AMD Ryzen AI Max+ "Strix Halo" Performance With ROCm 7.0
AMD has been promoting more of Llama.cpp support recently and given its popularity was curious to see how it was working out on ROCm 7.0 HIP from this Strix Halo Framework Desktop.
With the Llama.cpp performance I ran benchmarks just using the 16 CPU cores with the BLAS back-end and then testing both the Vulkan and ROCm HIP back-ends for the Radeon 8060S Graphics.
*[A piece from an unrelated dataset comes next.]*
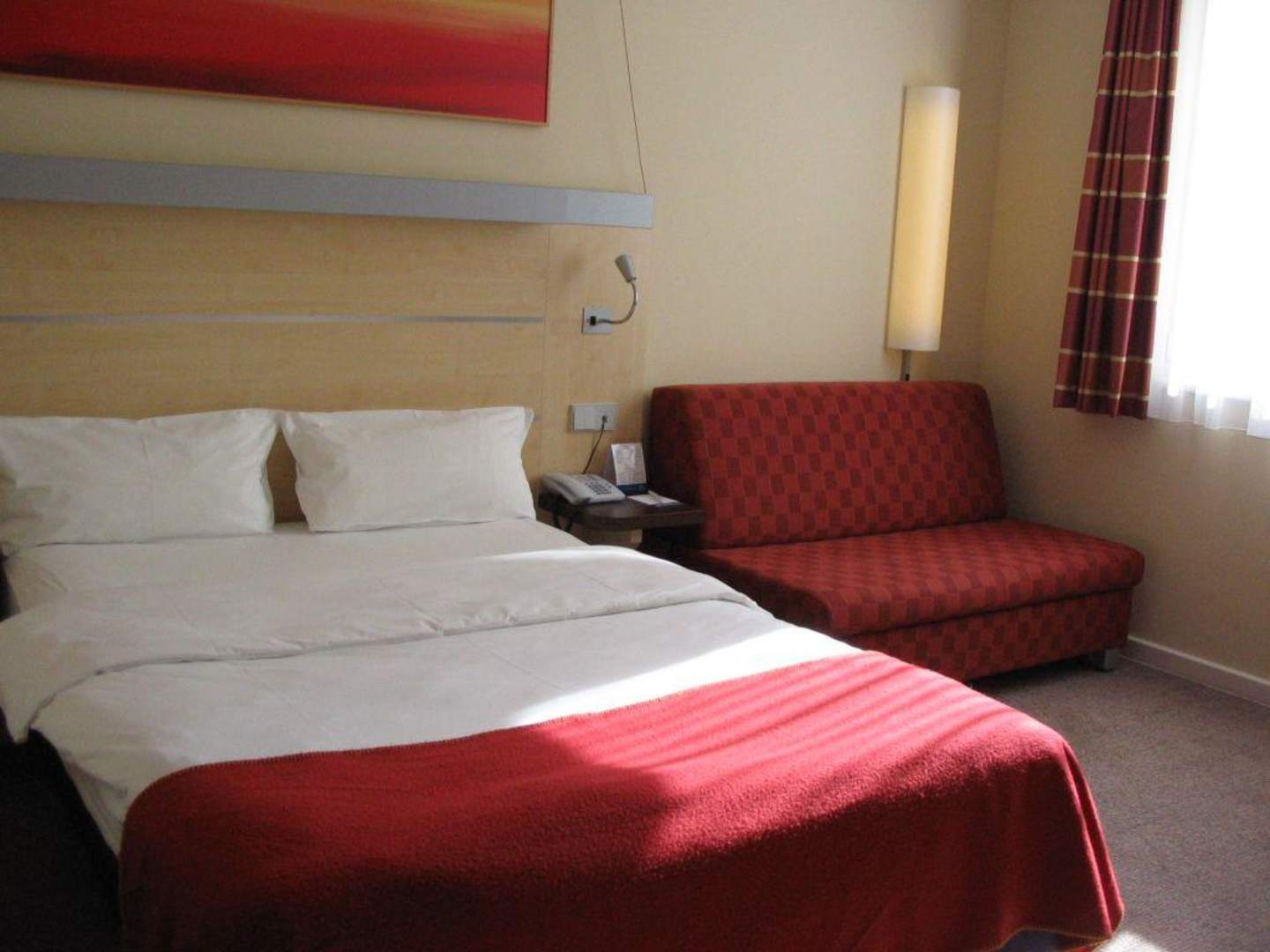 Das ist das Bett mit der großen Decke und das Sofa. Also wir haben gut in dem Bett geschlafen, könnte aber auch daran gelegen haben das wir Abend auch total kaputt waren.

For text generation with Qwen 3 8B, Vulkan was delivering slightly better performance than the ROCm HIP back-end on the AMD Ryzen AI Max+ 395.
For prompt processing (PP512) there was a huge gain from using Vulkan on Strix Halo compared to the ROCm HIP back-end.
Even for PP1024 and PP2048, the Vulkan back-end was showing much better performance with Llama.cpp than going the HIP route.
With the new GPT-OSS 20B model on Strix Halo, Vulkan was again showing better on the RADV driver than ROCm 7.0 HIP for the Radeon 8060S Graphics with the Ryzen AI Max+ 395.
For prompt processing with GPT-OSS 20B, the Vulkan performance continued to show a huge advantage over ROCm HIP.